Thesis topic: Learning Generative World Models of Physical Dynamics

Context:

AI4Science is an emerging research field that investigates the potential of AI methods to advance scientific discovery, particularly through the modeling of complex natural phenomena. This fast- growing area holds the promise of transforming how research is conducted across a broad range of scientific domains. One especially promising application is in modeling complex dynamical systems that arise in fields such as climate science, earth science, biology, and fluid dynamics. A diversity of approaches is currently being developed, but this remains an emerging field with numerous open research challenges in both machine learning and domain-specific modeling.

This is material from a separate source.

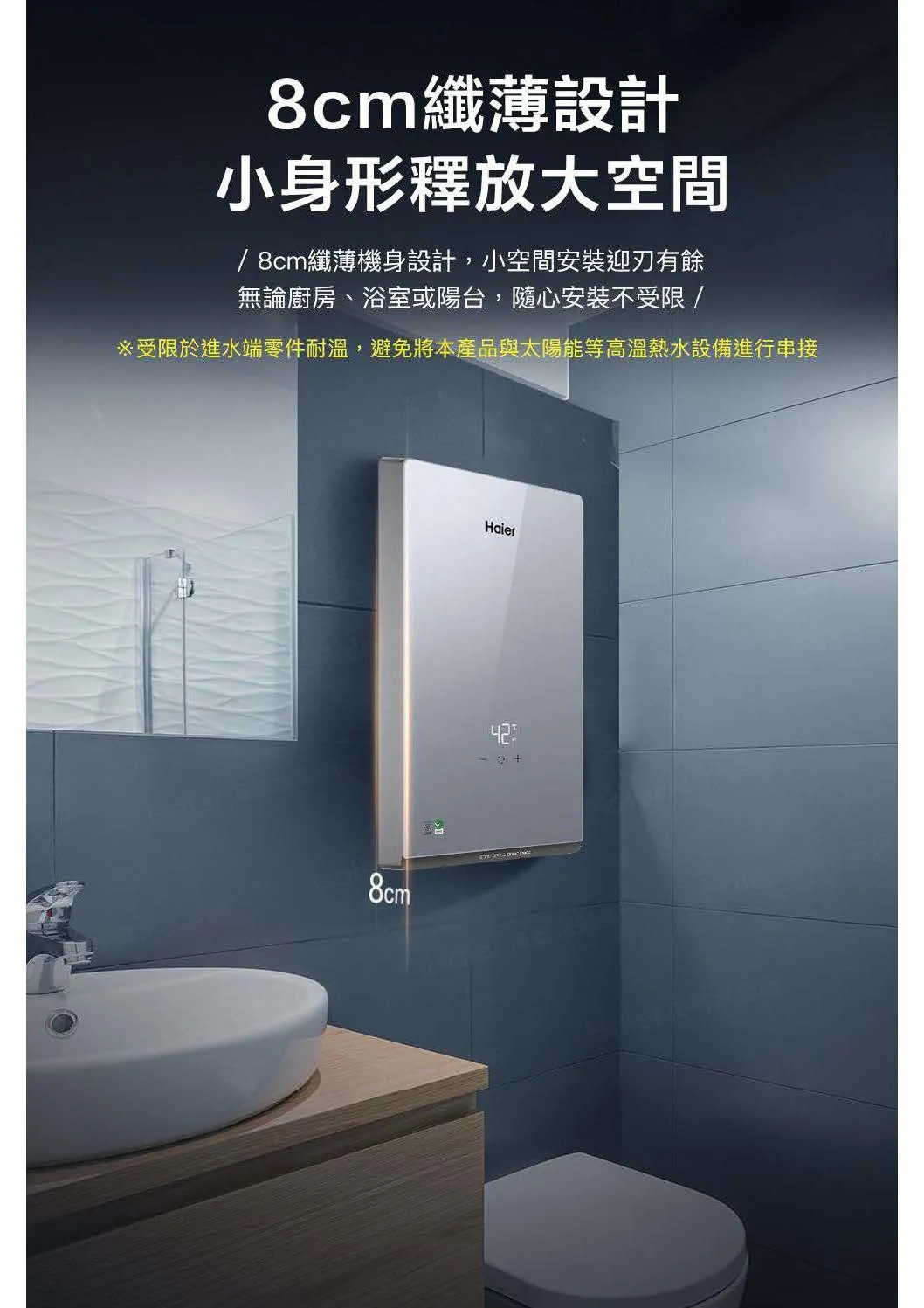 • 纖薄機身:升級無內膽設計,安裝省空間

This PhD project aims to investigate the next generation of AI models for physical dynamics. The objective is to develop generative world models that learn structured representations of physical systems and can efficiently model, predict, and reason about their evolution. The research will focus on applications such as fluid mechanics and climate science while addressing fundamental questions at the intersection of machine learning and scientific computing.

Research Directions:

The main objective of this PhD is to develop generative world models for physical dynamics that combine scalability, uncertainty modeling, and scientific consistency.

The research will explore several complementary directions:

– Learning transferable representations of physical dynamics, by developing latent representations that capture the underlying structure of physical systems and can generalize across multiple physical regimes and downstream tasks.

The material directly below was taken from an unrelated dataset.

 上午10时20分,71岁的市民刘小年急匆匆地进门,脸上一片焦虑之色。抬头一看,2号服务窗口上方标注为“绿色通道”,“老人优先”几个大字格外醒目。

– Generative modeling of physical trajectories, using recent approaches such as diffusion models, flow matching, and stochastic interpolants to represent uncertainty, multimodality, and long- term evolution of complex dynamical systems.

– Physically consistent generative models, by integrating physical constraints and scientific priors into generative learning in order to produce solutions that remain both accurate and scientifically valid.

The exact research direction will be adapted to the candidate’s interests and background and may emphasize either methodological developments or applications to scientific domains such as fluid dynamics and climate modeling.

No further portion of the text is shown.